What drives the liquid to be replenished in the channels?

Gravity

Again, open channel flow is purely gravitational.

 

[Arjan82]

Ok imagine 2 scenarios
1. Channels are empty and are being filled for the first time. What forces drive the liquid until it becomes big static lake?
2. Channels are filled but at the end of the channel water is being pumped out for irrigation. What drives the liquid to be replenished in the channels?

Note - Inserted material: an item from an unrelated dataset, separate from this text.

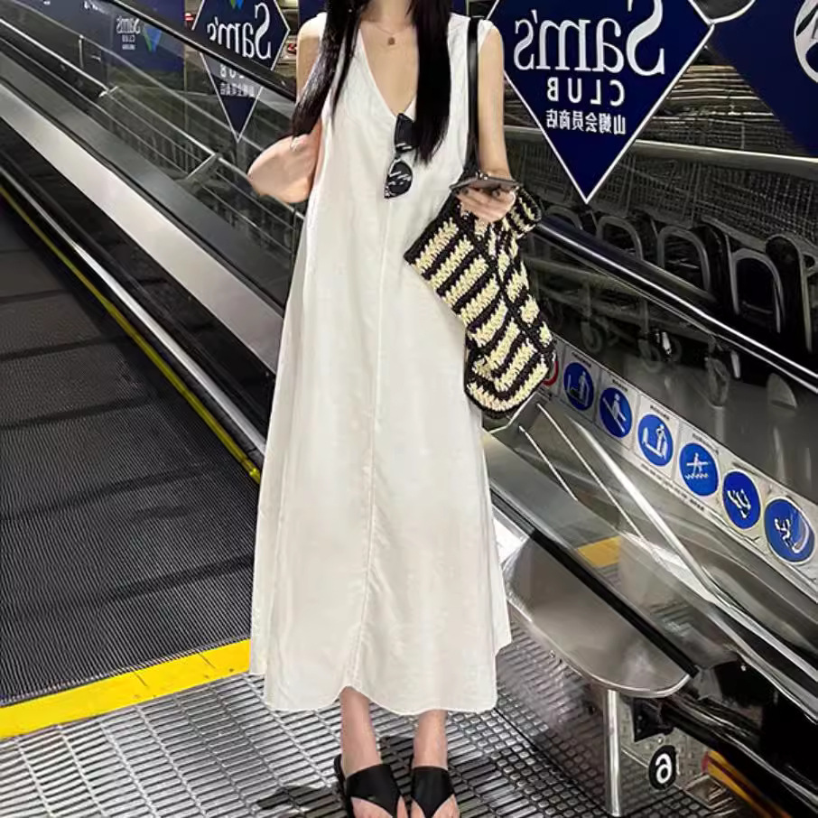 白色亚麻连衣裙女夏日小众温柔舒适清爽简约显瘦V领长裙遛弯度假
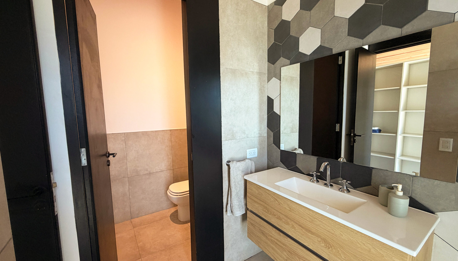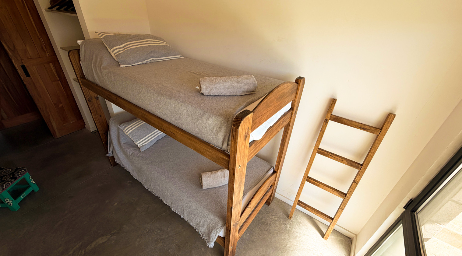 También disponen de un baño completo con ducha y una cocina integrada, totalmente equipada para que no falte nada durante la estadía. El living es ideal para relajarse después de un día de playa, y además cuentan con espacio para guardar tablas de surf.

1. At the point you are filling the channel the water surface is raised a bit. Gravity will even this out by moving water away from this point.
2. vice versa.

 

[Lnewqban]

All the molecules of water tend to find a balanced state respect to the neighbour molecules under the action of gravity.
They self-adjust for tiny level differentials caused by wind, evaporation, exfiltration, pumping, drains, etc.
Please, see:
https://en.m.wikipedia.org/wiki/Roman_aqueduct#Conduits_and_gradients

:)

 

[russ_watters]

Back to this question in the OP:

Are they mostly hydrostatic forces?

I'd say no, as hydrostatic force (force due to hydrostatic pressure) is the force on a submerged surface or parcel of water due to the height of the column of water above it (its depth). To drive flow from one place to another, you need a difference in height of one column of water to vs another at another place (not depth). That's called hydraulic or gravitational head:
https://en.wikipedia.org/wiki/Hydra...r piezometric head,or bottom) of a piezometer.

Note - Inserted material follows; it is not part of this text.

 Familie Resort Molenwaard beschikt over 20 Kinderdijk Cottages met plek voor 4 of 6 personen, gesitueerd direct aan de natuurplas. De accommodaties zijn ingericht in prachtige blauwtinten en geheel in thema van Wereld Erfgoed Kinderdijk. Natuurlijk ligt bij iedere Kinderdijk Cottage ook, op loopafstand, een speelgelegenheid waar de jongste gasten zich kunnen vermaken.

Related, but not quite the same thing. But it's this difference in height (and the resulting pressure difference) that drives the flow.

 

[aladinlamp]

ok little side question
when flow is initiated by height difference, liquid has to overcome viscosity, internal friction.
does it mean, any liquid movement is causing liquid to heat up ?
in perfect heat isolated system, moving liquid(water) will just gain heat and increase its temperature until it will boil ?<

 

[Arjan82]

In principle you are right. Allthough in practice I don't know of anyone having done an experiment with so much friction that the water starts to boil off.

In wind tunnels this can be a problem however. This is a more or less closed system and due to the turbulence generation, which dissipates due to viscosity/friction, the temperature inside the wind tunnel rises. This can cause all sorts of problems, like changing properties of air, instrument calibration issues etc.